Радиобеседы Блумсбери подразделялись на два вида, называемых «первый вид» и «второй вид». Первый состоял в вычленении на особую заметку из всех прочих какого-то особого слова в английском языке и повторении его монотонным голосом вплоть до пятнадцати минут, они же — четверть часа. Слово, таким образом вычлененное, могло быть любым, к примеру — слово «темнеменее». «Темнеменее, — произносил Блумсбери в микрофон, — темнеменее, темнеменее, темнеменее, темнеменее, темнеменее, темнеменее, темнеменее». После такого выхода под софиты общественного освидетельствования слово зачастую выявляло в себе новые качества, незаподозренные свойства, хоть в намерения Блумсбери это отнюдь не входило. А намерением его, если возможно приписать ему таковое, было просто-напросто выпустить что-нибудь «в эфир».

Второй вид радиобеседы, предоставляемой Блумсбери, был коммерческим объявлением.

Объявления Блумсбери были, вероятно, не слишком схожи с прочими объявлениями, транслируемыми в тот период другими дикторами радио. Расхожи они были главным образом в том, что адресовались не массе людей, а, разумеется, ей, той, с кем он жил в доме, которого не стало (выменян на радио).
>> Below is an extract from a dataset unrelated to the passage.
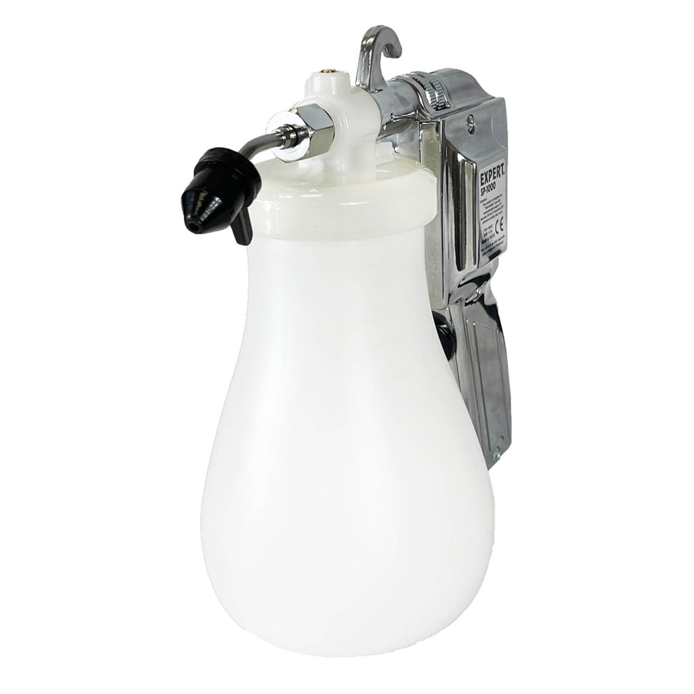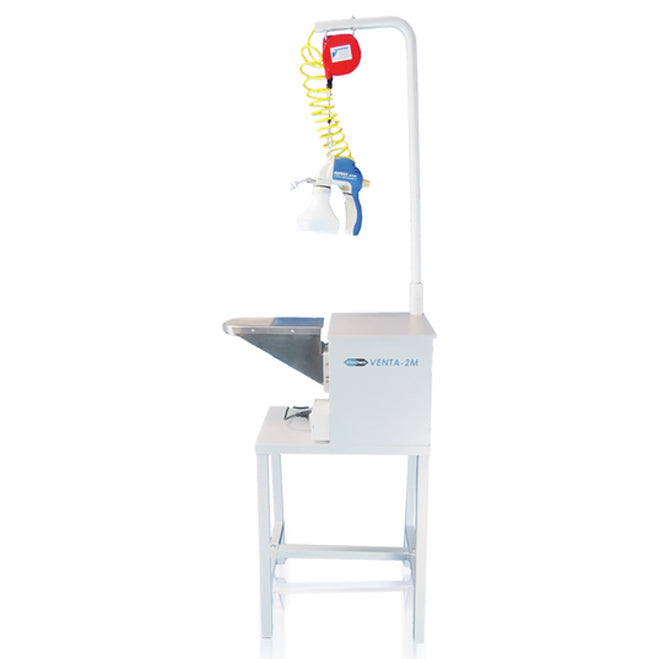 Complete spot cleaning station in 2 square feet of space. Sleeve shaped cleaning arm designed for cleaning all types of apparel. Sturdy steel housing and legs. Most powerful suction to speed drying and remove solvent fumes. Support Pole with Albatross Gun Reel (included) reduces operator fatigue.

Зачастую Блумсбери начинал что-то в таком вот духе:

— Что ж, старушка, — (начинал он), — поехали, я говорю в эту трубку, ты лежишь на спине, вероятнее всего, слушаешь, я в этом не сомневаюсь. Шикарно, что ты на меня настроилась. Я помню тот раз, когда ты пошла гулять босиком, что за вечер! На тебе были, как я припоминаю, твои сизые шелка, шляпа с цветами, и ты пробиралась по бульвару изысканно, что твоя настоящая лэди. На земле валялись каштаны, я полагаю; ты жаловалась, что они у тебя под ногами — будто камни. Я опустился на четвереньки и пополз перед тобой, ладонью сметая каштаны в канаву. Что за вечер! Ты сказала, что я нелеп, и джентльмен, шедший навстречу, — помню, в желтых гетрах с желтыми башмаками, — улыбнулся. Дама, его сопровождавшая, потянулась, дабы потрепать меня по голове, но джентльмен схватил ее за руку и не дал, а колени у меня на брюках порвались о выбоину в мостовой.

После ты угостила меня замороженной малиной, попросила принести блюдечко и поставила его изысканно у своих ног. Я помню до сих пор его прохладу после жаркой работы на бульваре, и как малина пятнала мой намордник. Я сунулся лицом в твою ладонь, и вся твоя маленькая перчатка порозовела и стала липкой, липкой и розовой. Нам было там уютно, в этом кафе-мороженом, мы были хорошенькими, как картинка! Муж и жена!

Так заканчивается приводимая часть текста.